Please can some one tell me what a fly pen is? How big and such like. I have six white doves at the moment and a new baby being hatched. Poor Nab-dib has been badly damaged by the hawk. I don't know how well he will be able to fly, may be not at all. I want to protect them all from the hawks. When I was given the first pair, I locked them in at dusk when I fed them before I went to work and let them out again at lunch time when I woke up ( We work evenings ) but the doves got smart and waited untill I drove to work before they went in their hutch. So I took to locking them in at midnight when I got back. So then they would not go in their hutch at all, and would spent all night on the chimney breast in all weathers snow, wind, sleet the lot.I didnt want them lying eggs up there so I now don't lock any of the hutches at all.

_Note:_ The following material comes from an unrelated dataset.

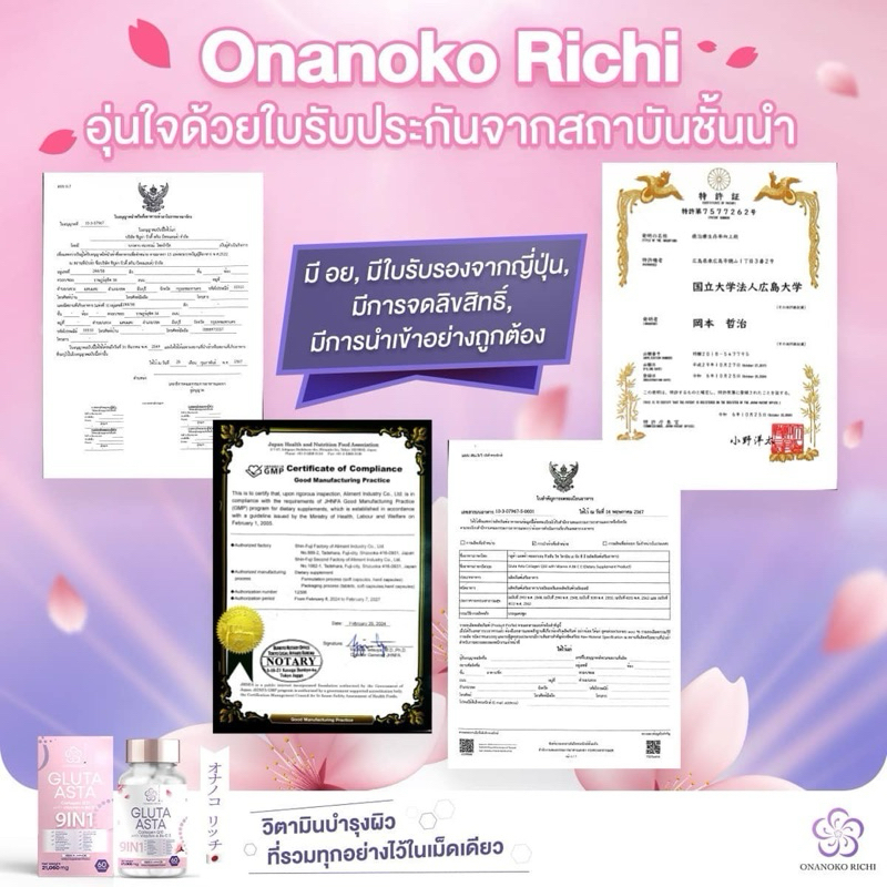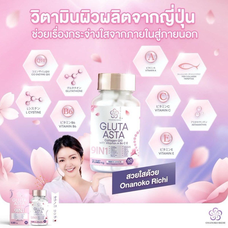โอนาโนโกะริจิ onanokorichi วิตามินผิวกลูต้าผลิตจากประเทศญี่ปุ่น สารสกัด 9in1
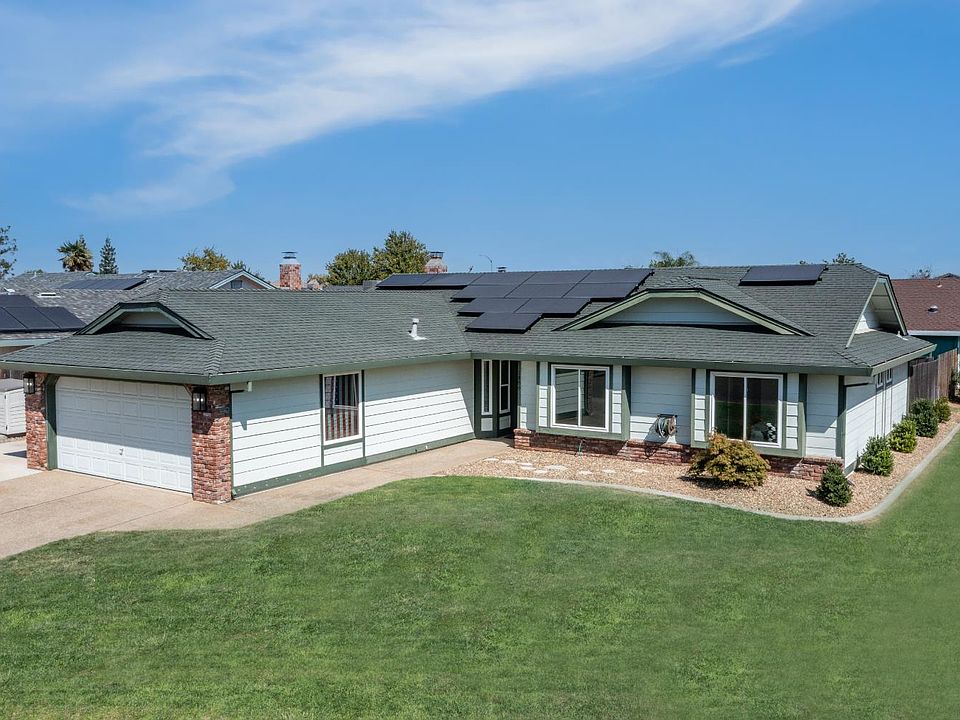 Nestled on a corner lot in a desirable Lincoln neighborhood, this single-story home welcomes you with sun-filled spaces and room to gather with family and friends. The open-concept living area features a vaulted ceiling, picture window looking out to the private backyard and cozy wood-burning fireplace. Tile flooring throughout unifies the rooms and makes for easy upkeep. The kitchen offers stainless steel appliances, breakfast bar, dining nook, ample storage, work space plus walk-in pantry. Sliding doors in the living area open to a large covered patio with lighted fans, perfect for dining and entertaining. The primary suite includes a remodeled bath with dual vanities, granite counter, soaking tub and walk-in shower. The separate laundry room and hall storage add functionality. Fresh interior paint, new baseboards, updated door hardware add a modern touch. All this plus: solar panels with back-up battery (to be owned at close of escrow), Fiberoptic internet installed, tankless water heater and a fenced concrete side-yard perfect for RV/boat/trailer/ATV parking or more. The extra-wide front driveway offers additional off-street parking. Conveniently located near K-12 public schools, Joiner Park, shopping, local eateries and historic downtown. NO HOA or MELLO ROOS.

Any Ideas? I've lost three doves to the hawk and poor Nabbers would break your heart. 


------------------
Veronica


----------



## DaveD (Jul 9, 2001)

Hi there!!

A flight pen will allow your birds to enjoy thier outdoor freedom, while protecting them from hawks and other animals. 

Basically speaking, a flight pen is a cage. You can make one out of any material that's handy, and in any shape or size you'd like. I'd recommend using chicken wire for doves, as opposed to a screen material. You'll want it to be strong enough to keep predators out.

Basically, the design and size is built to suit your needs. To me, the bigger the better, lol. The more room they have to fly and get thier execise, the better off and more happy they'll be. 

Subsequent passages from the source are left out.